There Was a need to reduce a python application docker image size, also had to have offline installation either in the PYPI packages installation or in APT update and installing packages.

Lets get to the Optimization Line by Line.

Docker build buildx syntax

  • First of all make sure docker uses the docker buildx as its default docker build.

BuildKit

If you have installed Docker Desktop, you don't need to enable BuildKit.
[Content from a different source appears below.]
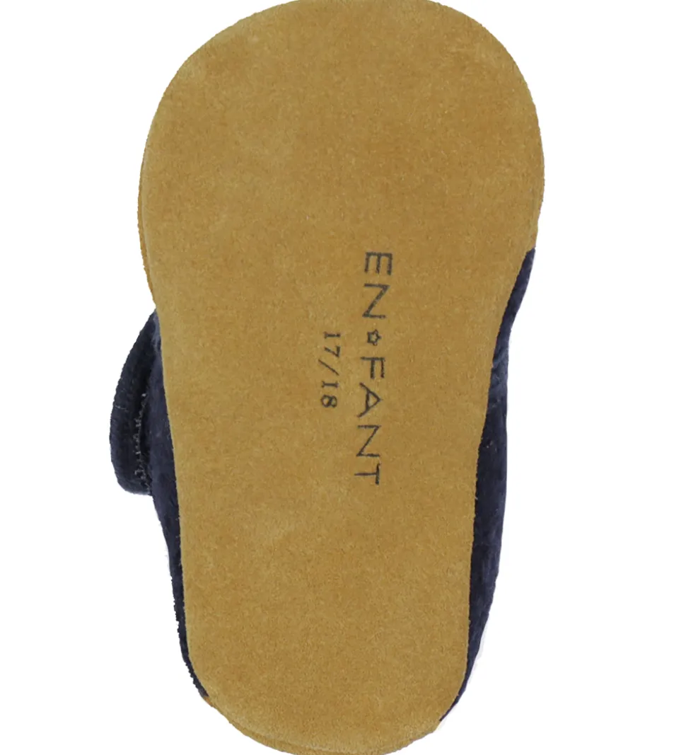 En Fant hjemmeskoene lukkes med en bred velcrorem over foden, så de er hurtige at tage af og på. Hjemmeskoene har en ydersål af ruskind, som sikrer et godt fodfæste.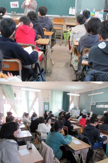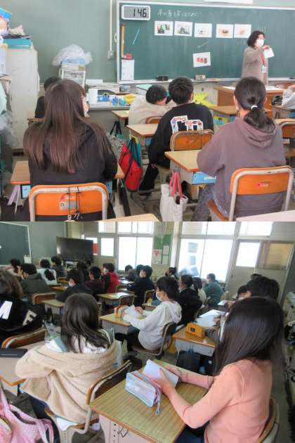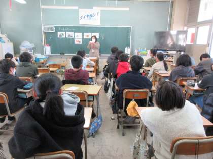 今月17日に実施する「茶の湯体験」の説明を聞いている1組の子どもたちです。

If you are running a version of Docker Engine version earlier than 23.0, you can enable BuildKit either by setting an environment variable, or by making BuildKit the default setting in the daemon configuration.

DOCKER_BUILDKIT=1 docker build --file /path/to/dockerfile -t docker_image_name:tag
Enter fullscreen mode Exit fullscreen mode
# syntax=docker/dockerfile:1.4 # Required for heredocs [3, 4]
Enter fullscreen mode Exit fullscreen mode

Project Directory Tree

├── main.py
├── requirements.txt
└── src
    ├── log.py
    └── prometheus.py
Enter fullscreen mode Exit fullscreen mode

Multistage Dockerfile

as mentioned before, at first provisioning the base stage to be used in the next build and runtime stages.

base stage

  • base image
ARG JFROG=jfrog.example.com

FROM ${JFROG}/docker/python:3.13-slim AS base
Enter fullscreen mode Exit fullscreen mode
  • Change the default SHELL
    • A safe way with custom shell with pipefail and errexit options, its very useful in the Heredoc in the Debian Private repo setup section.
SHELL ["/bin/bash", "-c", "-o", "pipefail", "-o", "errexit"]
Enter fullscreen mode Exit fullscreen mode
ARG JFROG=jfrog.example.com

ENV PYTHONUNBUFFERED=1 \
    PYTHONDONTWRITEBYTECODE=1 \
    PIP_DISABLE_PIP_VERSION_CHECK=on \
    PIP_TIMEOUT=60 \
    PIP_INDEX_URL=https://${JFROG}/artifactory/api/pypi/python/simple/
Enter fullscreen mode Exit fullscreen mode
  • Private Debian Repository (Offline Installation)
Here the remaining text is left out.